**Required action**: Copy out the entire listing below exactly, but without its pictures.

**Data shown**:
⟨
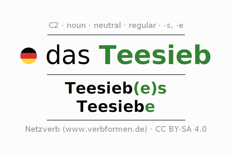 - Plural: die Teesiebe, der Teesiebe, den Teesieben, die Teesiebe
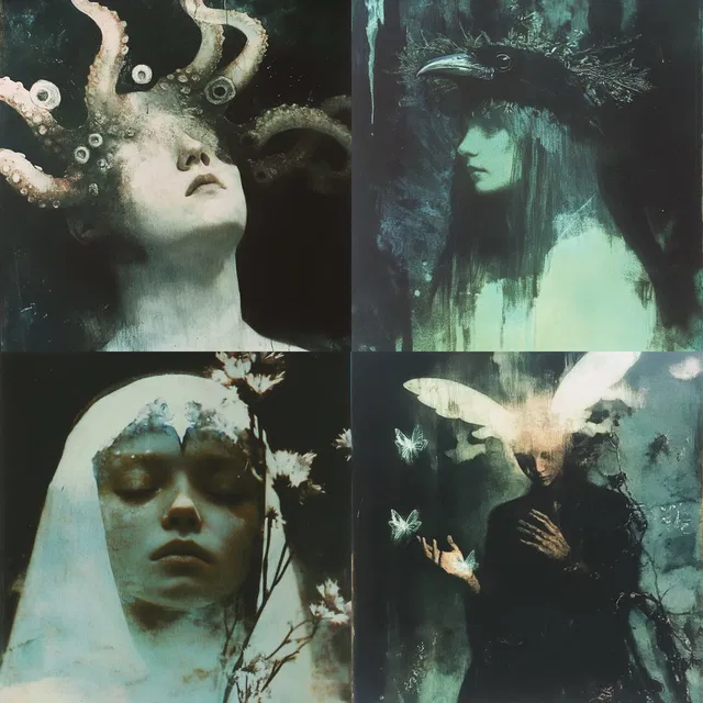 Мистические пейзажи создают сюрреалистичную и неземную атмосферу, для которой характерны мягкие градиенты и приглушённая палитра, намекающие на сказочный мир. Использование в этом стиле сюрреалистических элементов и текстурированных слоёв создаёт потустороннюю ауру, в которой органично сочетаются формы с мистическими фигурами и загадочными пейзажами. Хотя этот стиль прекрасно передаёт ощущение волшебства и духовности, ему может не хватать фотореализма или точности, что делает его более подходящим для художественных экспериментов, нежели для технических применений.
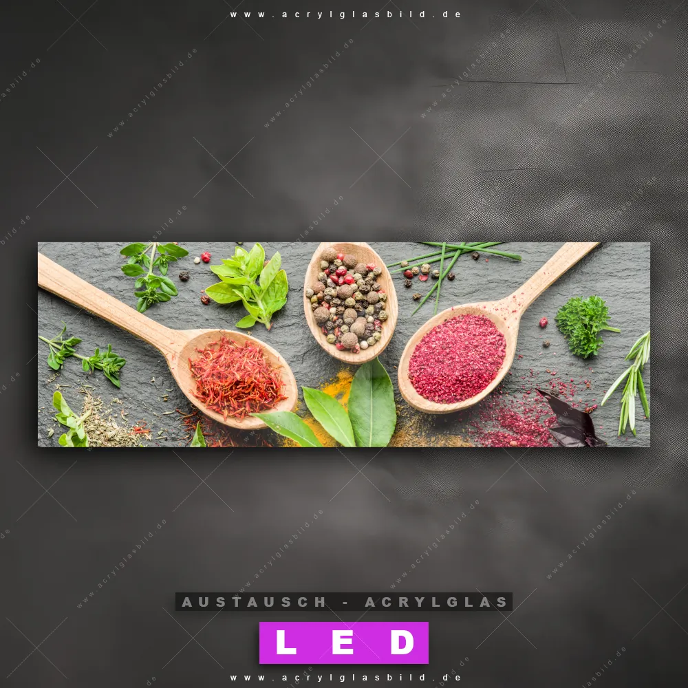 Wechsel-Acrylglas Canvalight® DIA | Bunte Gewürze in Holzlöffeln | Panorama
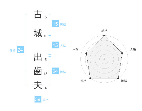 古城 出歯夫さんの総格は39画の5点
⟩
**Result**:
 - Plural: die Teesiebe, der Teesiebe, den Teesieben, die Teesiebe
 Мистические пейзажи создают сюрреалистичную и неземную атмосферу, для которой характерны мягкие градиенты и приглушённая палитра, намекающие на сказочный мир. Использование в этом стиле сюрреалистических элементов и текстурированных слоёв создаёт потустороннюю ауру, в которой органично сочетаются формы с мистическими фигурами и загадочными пейзажами. Хотя этот стиль прекрасно передаёт ощущение волшебства и духовности, ему может не хватать фотореализма или точности, что делает его более подходящим для художественных экспериментов, нежели для технических применений.
 Wechsel-Acrylglas Canvalight® DIA | Bunte Gewürze in Holzlöffeln | Panorama
 古城 出歯夫さんの総格は39画の5点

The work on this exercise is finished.